# Work required
Return nothing but the lines from the one with "При подключении Сбер" through the one with "肿瘤血液科经过与徐阿姨及家属" in the data below, word for word and without pictures.

# Records excerpted from a collection

☆ ☆ ☆ ☆

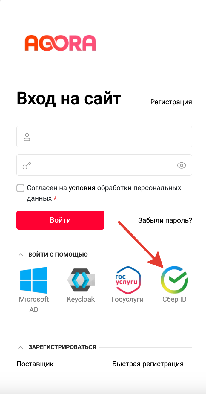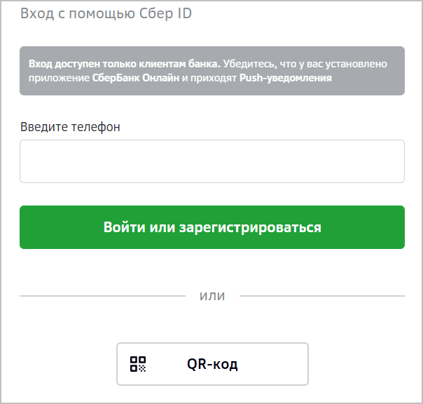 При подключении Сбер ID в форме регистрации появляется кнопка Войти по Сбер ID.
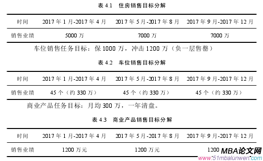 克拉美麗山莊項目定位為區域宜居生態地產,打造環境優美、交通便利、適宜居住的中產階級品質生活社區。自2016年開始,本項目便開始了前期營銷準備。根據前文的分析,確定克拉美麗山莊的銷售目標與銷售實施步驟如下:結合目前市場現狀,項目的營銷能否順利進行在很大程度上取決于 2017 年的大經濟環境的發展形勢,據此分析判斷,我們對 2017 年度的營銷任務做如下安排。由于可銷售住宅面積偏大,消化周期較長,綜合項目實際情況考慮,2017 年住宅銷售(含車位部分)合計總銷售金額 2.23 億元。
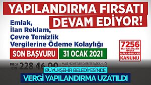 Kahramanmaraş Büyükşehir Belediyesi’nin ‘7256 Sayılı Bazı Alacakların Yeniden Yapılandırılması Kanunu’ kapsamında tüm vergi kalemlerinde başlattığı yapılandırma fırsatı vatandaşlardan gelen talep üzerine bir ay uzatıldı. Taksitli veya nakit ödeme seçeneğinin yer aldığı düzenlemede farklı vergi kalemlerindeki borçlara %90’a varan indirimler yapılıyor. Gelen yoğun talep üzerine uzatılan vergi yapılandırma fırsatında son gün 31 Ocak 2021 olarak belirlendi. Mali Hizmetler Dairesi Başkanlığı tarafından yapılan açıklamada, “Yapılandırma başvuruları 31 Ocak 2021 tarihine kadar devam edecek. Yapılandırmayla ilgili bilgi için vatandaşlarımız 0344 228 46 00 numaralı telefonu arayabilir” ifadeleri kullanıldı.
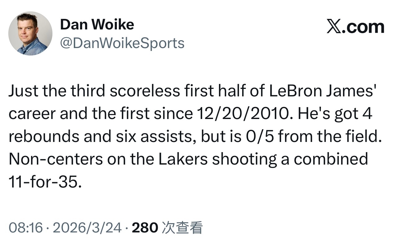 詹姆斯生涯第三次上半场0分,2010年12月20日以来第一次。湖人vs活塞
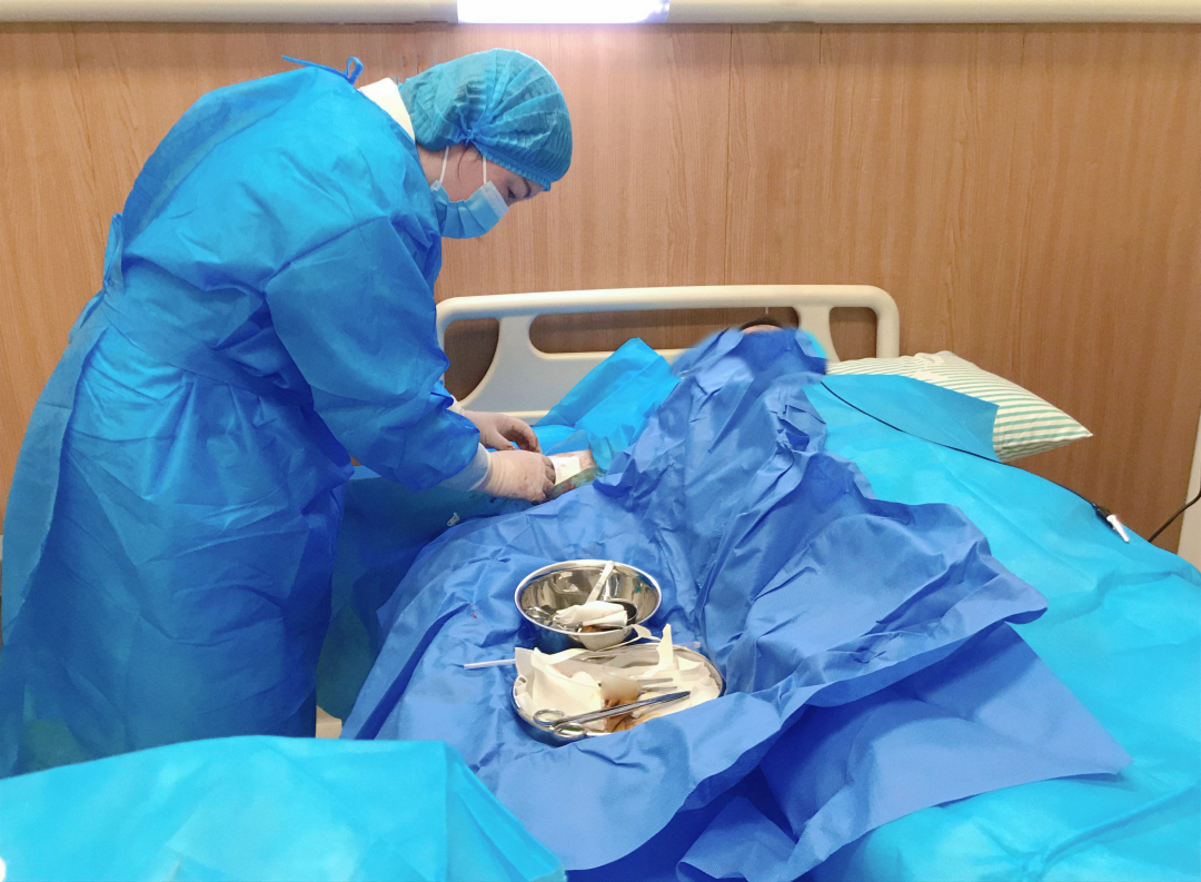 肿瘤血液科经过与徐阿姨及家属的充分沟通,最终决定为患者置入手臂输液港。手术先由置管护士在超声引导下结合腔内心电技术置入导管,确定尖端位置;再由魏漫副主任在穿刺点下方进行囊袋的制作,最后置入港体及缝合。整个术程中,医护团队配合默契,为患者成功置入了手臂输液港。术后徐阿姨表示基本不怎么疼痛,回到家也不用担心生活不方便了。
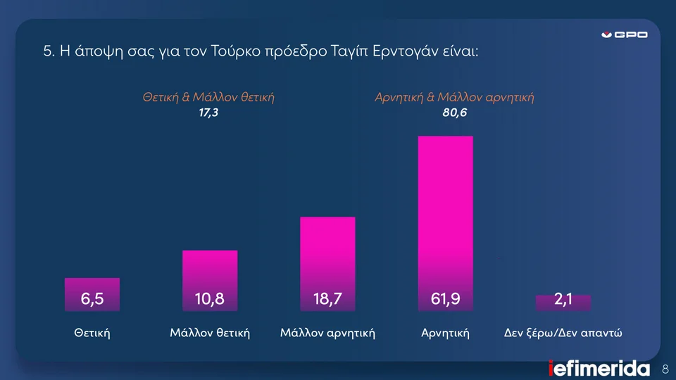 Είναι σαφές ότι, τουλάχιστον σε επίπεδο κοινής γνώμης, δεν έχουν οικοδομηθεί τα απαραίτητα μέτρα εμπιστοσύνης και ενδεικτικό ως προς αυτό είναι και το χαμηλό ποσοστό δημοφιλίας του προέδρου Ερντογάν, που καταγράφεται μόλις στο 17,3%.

☆ ☆ ☆ ☆

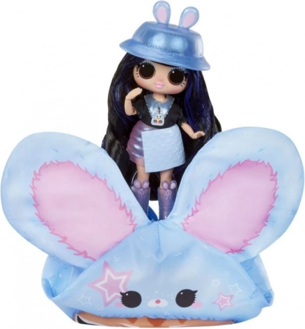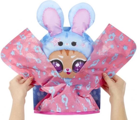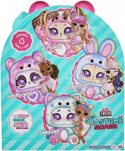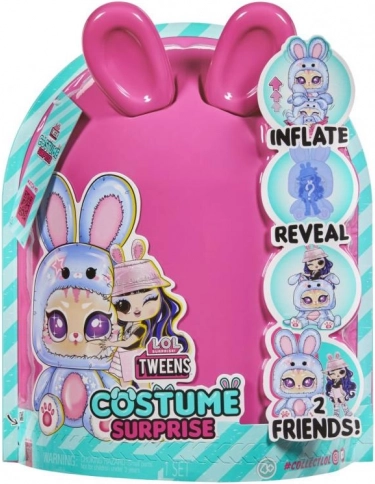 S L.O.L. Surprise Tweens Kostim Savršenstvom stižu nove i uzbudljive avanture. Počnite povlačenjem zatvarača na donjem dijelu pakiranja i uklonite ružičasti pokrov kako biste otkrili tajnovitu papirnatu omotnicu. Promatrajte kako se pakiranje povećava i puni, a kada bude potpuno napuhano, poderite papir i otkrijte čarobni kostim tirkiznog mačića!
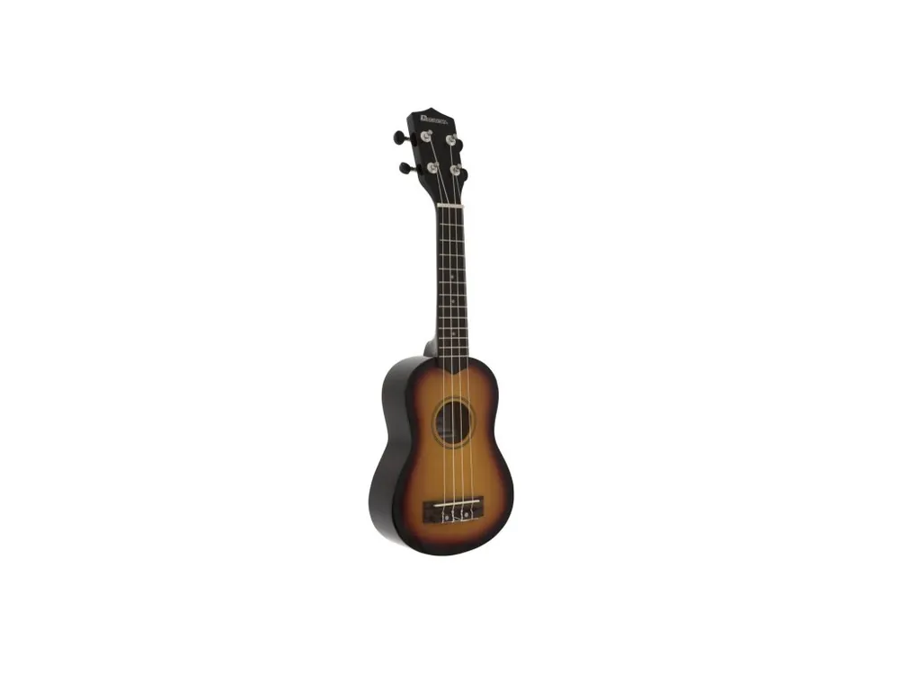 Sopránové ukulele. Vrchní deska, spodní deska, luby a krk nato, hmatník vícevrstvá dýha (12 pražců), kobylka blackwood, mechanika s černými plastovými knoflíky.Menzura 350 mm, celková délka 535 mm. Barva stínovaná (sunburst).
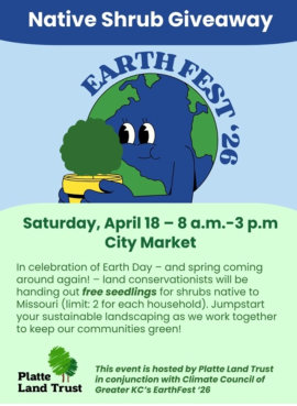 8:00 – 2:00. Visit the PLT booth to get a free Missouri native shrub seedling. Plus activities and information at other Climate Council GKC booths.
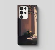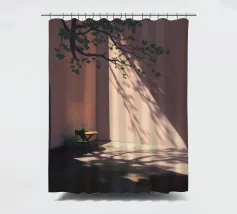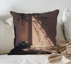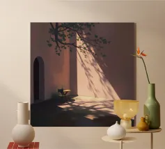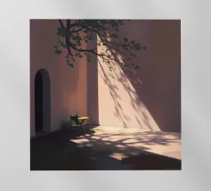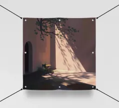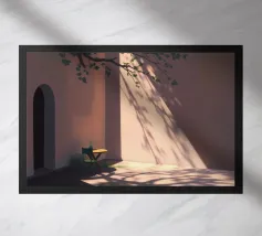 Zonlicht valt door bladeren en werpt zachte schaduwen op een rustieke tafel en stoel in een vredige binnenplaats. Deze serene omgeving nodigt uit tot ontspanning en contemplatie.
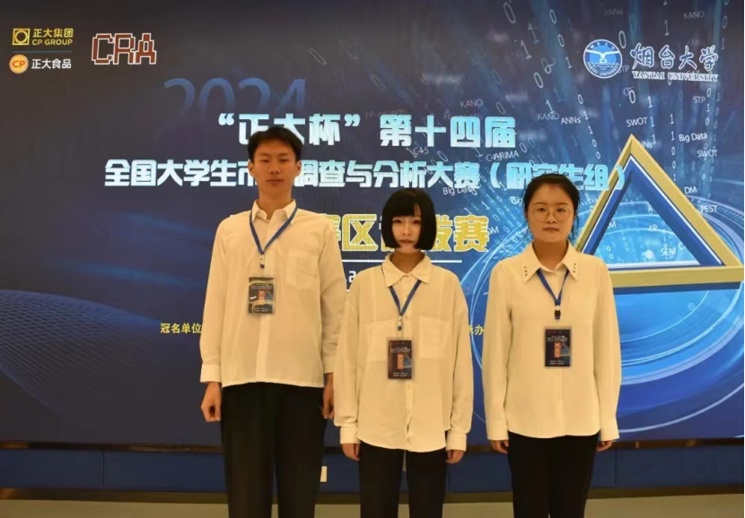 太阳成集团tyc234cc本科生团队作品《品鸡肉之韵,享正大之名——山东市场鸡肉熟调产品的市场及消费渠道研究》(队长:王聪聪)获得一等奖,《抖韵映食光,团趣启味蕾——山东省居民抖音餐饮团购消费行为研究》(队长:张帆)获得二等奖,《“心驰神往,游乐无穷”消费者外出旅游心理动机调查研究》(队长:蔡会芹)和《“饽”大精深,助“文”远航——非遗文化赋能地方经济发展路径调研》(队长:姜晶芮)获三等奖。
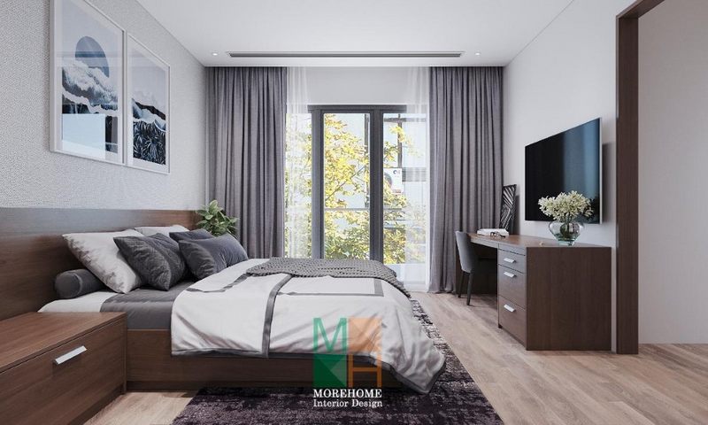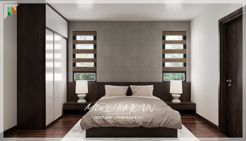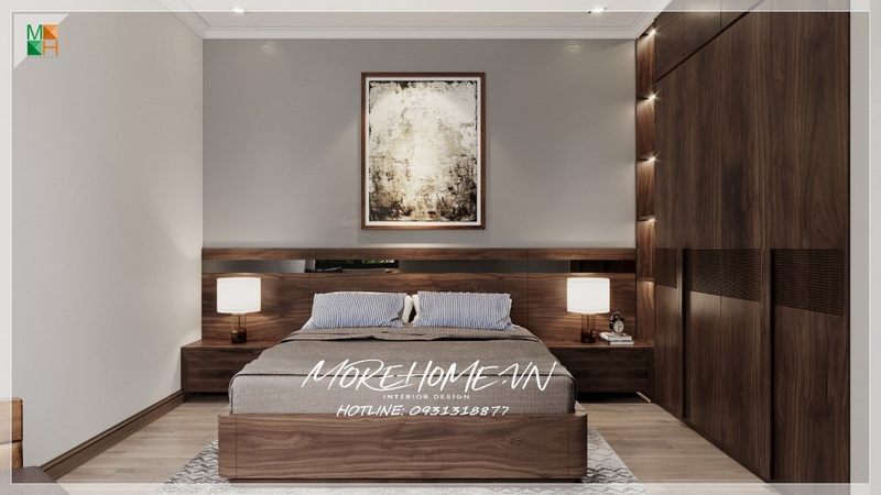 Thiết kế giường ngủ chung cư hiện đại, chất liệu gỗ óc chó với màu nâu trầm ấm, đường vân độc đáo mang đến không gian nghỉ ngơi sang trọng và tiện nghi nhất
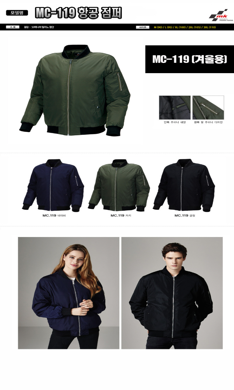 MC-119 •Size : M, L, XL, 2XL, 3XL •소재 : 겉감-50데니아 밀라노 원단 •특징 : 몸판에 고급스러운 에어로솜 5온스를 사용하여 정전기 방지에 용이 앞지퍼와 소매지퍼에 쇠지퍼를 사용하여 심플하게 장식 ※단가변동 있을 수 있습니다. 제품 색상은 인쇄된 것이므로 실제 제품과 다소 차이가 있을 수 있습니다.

☆ ☆ ☆ ☆

# Solved problem
 При подключении Сбер ID в форме регистрации появляется кнопка Войти по Сбер ID.
 克拉美麗山莊項目定位為區域宜居生態地產,打造環境優美、交通便利、適宜居住的中產階級品質生活社區。自2016年開始,本項目便開始了前期營銷準備。根據前文的分析,確定克拉美麗山莊的銷售目標與銷售實施步驟如下:結合目前市場現狀,項目的營銷能否順利進行在很大程度上取決于 2017 年的大經濟環境的發展形勢,據此分析判斷,我們對 2017 年度的營銷任務做如下安排。由于可銷售住宅面積偏大,消化周期較長,綜合項目實際情況考慮,2017 年住宅銷售(含車位部分)合計總銷售金額 2.23 億元。
 Kahramanmaraş Büyükşehir Belediyesi’nin ‘7256 Sayılı Bazı Alacakların Yeniden Yapılandırılması Kanunu’ kapsamında tüm vergi kalemlerinde başlattığı yapılandırma fırsatı vatandaşlardan gelen talep üzerine bir ay uzatıldı. Taksitli veya nakit ödeme seçeneğinin yer aldığı düzenlemede farklı vergi kalemlerindeki borçlara %90’a varan indirimler yapılıyor. Gelen yoğun talep üzerine uzatılan vergi yapılandırma fırsatında son gün 31 Ocak 2021 olarak belirlendi. Mali Hizmetler Dairesi Başkanlığı tarafından yapılan açıklamada, “Yapılandırma başvuruları 31 Ocak 2021 tarihine kadar devam edecek. Yapılandırmayla ilgili bilgi için vatandaşlarımız 0344 228 46 00 numaralı telefonu arayabilir” ifadeleri kullanıldı.
 詹姆斯生涯第三次上半场0分,2010年12月20日以来第一次。湖人vs活塞
 肿瘤血液科经过与徐阿姨及家属的充分沟通,最终决定为患者置入手臂输液港。手术先由置管护士在超声引导下结合腔内心电技术置入导管,确定尖端位置;再由魏漫副主任在穿刺点下方进行囊袋的制作,最后置入港体及缝合。整个术程中,医护团队配合默契,为患者成功置入了手臂输液港。术后徐阿姨表示基本不怎么疼痛,回到家也不用担心生活不方便了。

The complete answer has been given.